→ **Task**: Only the lines below between the one holding "工程服務(wù)公司CEA針" and the one holding "처리방침을 생성하면 왼쪽 하단에 ‘처리방침 내역’에서 확인할 수 있습니다.", inclusive, are to be reproduced word for word; the pictures are to be left out.

→ **Records supplied**:
+++

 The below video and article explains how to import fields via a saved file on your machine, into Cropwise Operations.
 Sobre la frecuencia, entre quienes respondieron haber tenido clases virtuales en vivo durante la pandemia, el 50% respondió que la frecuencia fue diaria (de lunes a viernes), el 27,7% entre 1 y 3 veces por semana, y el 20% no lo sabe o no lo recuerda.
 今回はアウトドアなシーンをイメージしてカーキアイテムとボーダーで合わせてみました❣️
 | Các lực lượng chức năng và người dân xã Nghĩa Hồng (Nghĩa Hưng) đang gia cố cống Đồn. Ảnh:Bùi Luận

+++

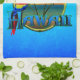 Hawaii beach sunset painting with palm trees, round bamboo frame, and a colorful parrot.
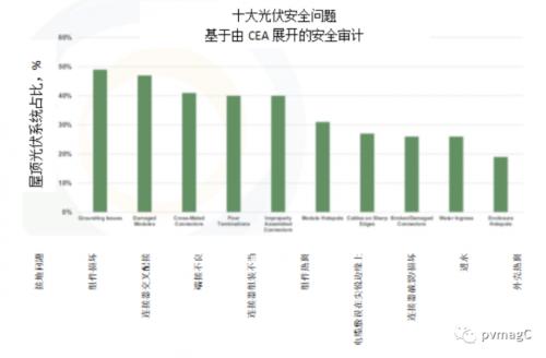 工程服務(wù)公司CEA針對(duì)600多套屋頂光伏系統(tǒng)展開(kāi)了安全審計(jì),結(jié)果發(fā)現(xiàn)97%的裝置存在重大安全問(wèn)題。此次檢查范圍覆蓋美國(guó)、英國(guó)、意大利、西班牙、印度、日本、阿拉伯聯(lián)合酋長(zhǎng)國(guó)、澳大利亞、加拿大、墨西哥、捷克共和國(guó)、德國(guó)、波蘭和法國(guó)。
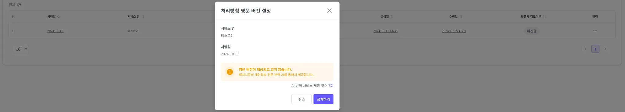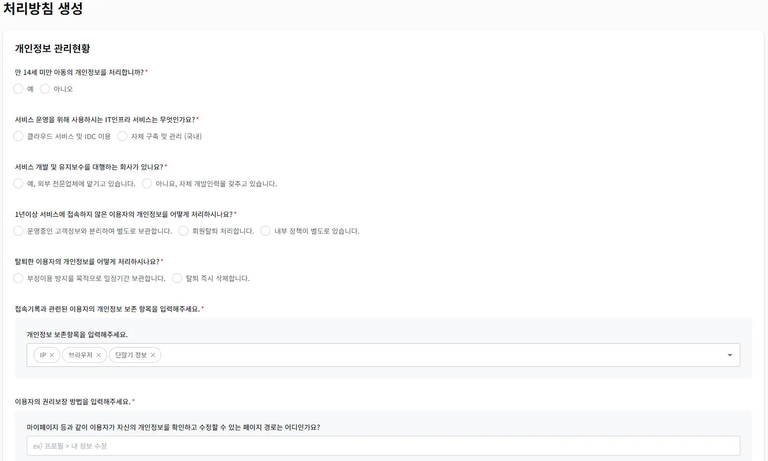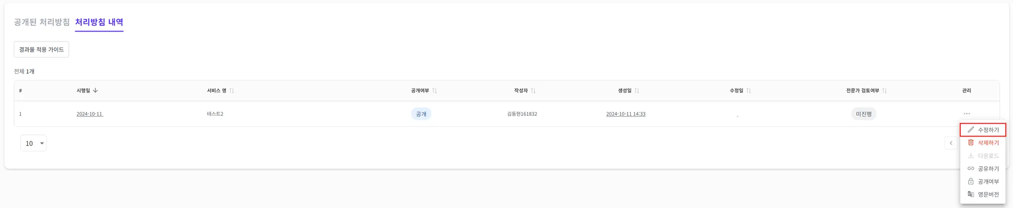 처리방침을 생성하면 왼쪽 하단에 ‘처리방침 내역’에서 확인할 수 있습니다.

+++

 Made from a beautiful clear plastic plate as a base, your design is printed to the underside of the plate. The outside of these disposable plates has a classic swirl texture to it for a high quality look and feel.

+++

→ **Response below**:
 工程服務(wù)公司CEA針對(duì)600多套屋頂光伏系統(tǒng)展開(kāi)了安全審計(jì),結(jié)果發(fā)現(xiàn)97%的裝置存在重大安全問(wèn)題。此次檢查范圍覆蓋美國(guó)、英國(guó)、意大利、西班牙、印度、日本、阿拉伯聯(lián)合酋長(zhǎng)國(guó)、澳大利亞、加拿大、墨西哥、捷克共和國(guó)、德國(guó)、波蘭和法國(guó)。
 처리방침을 생성하면 왼쪽 하단에 ‘처리방침 내역’에서 확인할 수 있습니다.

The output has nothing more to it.